Constructor for a \serial MultiVector with a predefined MultiVector::Storage (i.e., utils::MemoryStorage). This constructor transfers the ownership of the input Storage to the MultiVector. This is useful when one does not want to allocate new memory and instead use memory allocated in the MultiVector::Storage (i.e., utils::MemoryStorage). The locallyOwnedSize, ghostSize, etc., are automatically set using the size of the input Storage object.
Constructor for a \serial MultiVector with a predefined MultiVector::Storage (i.e., utils::MemoryStorage). This constructor transfers the ownership of the input Storage to the MultiVector. This is useful when one does not want to allocate new memory and instead use memory allocated in the MultiVector::Storage (i.e., utils::MemoryStorage).
Parameters
[in]
storage
unique_ptr to MultiVector::Storage whose ownership is to be transfered to the MultiVector
[in]
numVectors
number of vectors in the MultiVector
Note
This Constructor transfers the ownership from the input unique_ptr storage to the internal data member of the MultiVector. Thus, after the function call storage will point to NULL and any access through storage will lead to undefined behavior.
Constructor for a distributed MultiVector with a predefined MultiVector::Storage (i.e., utils::MemoryStorage) and MPIPatternP2P. This constructor transfers the ownership of the input Storage to the MultiVector. This is useful when one does not want to allocate new memory and instead use memory allocated in the input MultiVector::Storage (i.e., utils::MemoryStorage).
Parameters
[in]
storage
unique_ptr to MultiVector::Storage whose ownership is to be transfered to the MultiVector
[in]
mpiPatternP2P
A shared_ptr to const MPIPatternP2P based on which the distributed MultiVector will be created.
[in]
numVectors
number of vectors in the MultiVector
Note
This Constructor transfers the ownership from the input unique_ptr storage to the internal data member of the MultiVector.
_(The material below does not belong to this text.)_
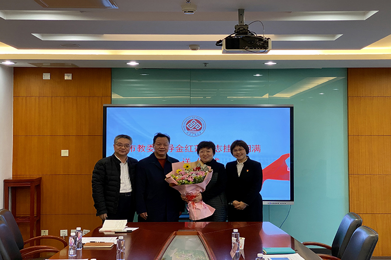 党委组织部部长武晶晶代表学校就金红莲同志挂职情况作报告,她表示金红莲同志具备很高的思想政治素质、理想信念和政治立场坚定;工作敬业、能力突出,工作业绩显著;工作作风勤勉踏实、为人谦和有礼、群众基础好;严格遵守中央八项规定精神和廉洁从政各项规定,严格遵守学校各项规章制度,以身作则、严于律己,廉洁自律。武晶晶向金红莲对学校的辛苦和作出的积极贡献表示诚挚的感谢。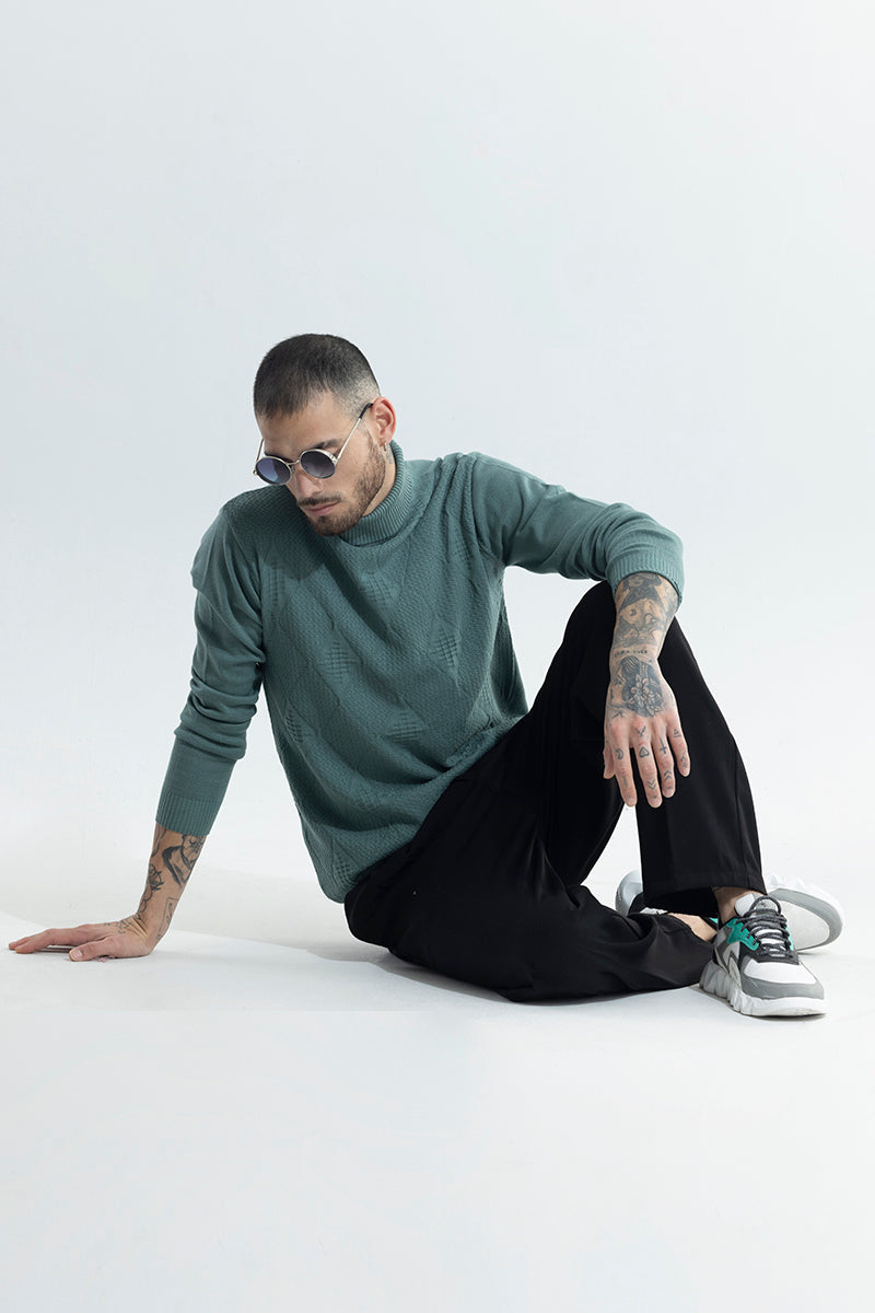 Buy Men's Rhomboid Teal Green Turtle Neck Sweater Online | SNITCH

Thus, after the function call storage will point to NULL and any access through storage will lead to undefined behavior.
Constructor for a distributed MultiVector based on total number of global indices. The resulting MultiVector will not contain any ghost indices on any of the processors. Internally, the vector is divided to ensure as much equitable distribution across all the processors much as possible.
Note
This way of construction is expensive. One should use the other constructor based on an input MPIPatternP2P as far as possible. Further, the decomposition is not compatible with other ways of distributed MultiVector construction.
Parameters
[in]
globalSize
Total number of global indices that is distributed over the processors.
[in]
mpiComm
MPI_Comm object associated with the group of processors across which the MultiVector is to be distributed
[in]
numVectors
number of vectors in the MultiVector
[in]
initVal
value with which the MultiVector shoud be initialized
Note
This way of construction is expensive. One should use the other constructor based on an input MPIPatternP2P as far as possible. Further, the decomposition is not compatible with other ways of distributed MultiVector construction.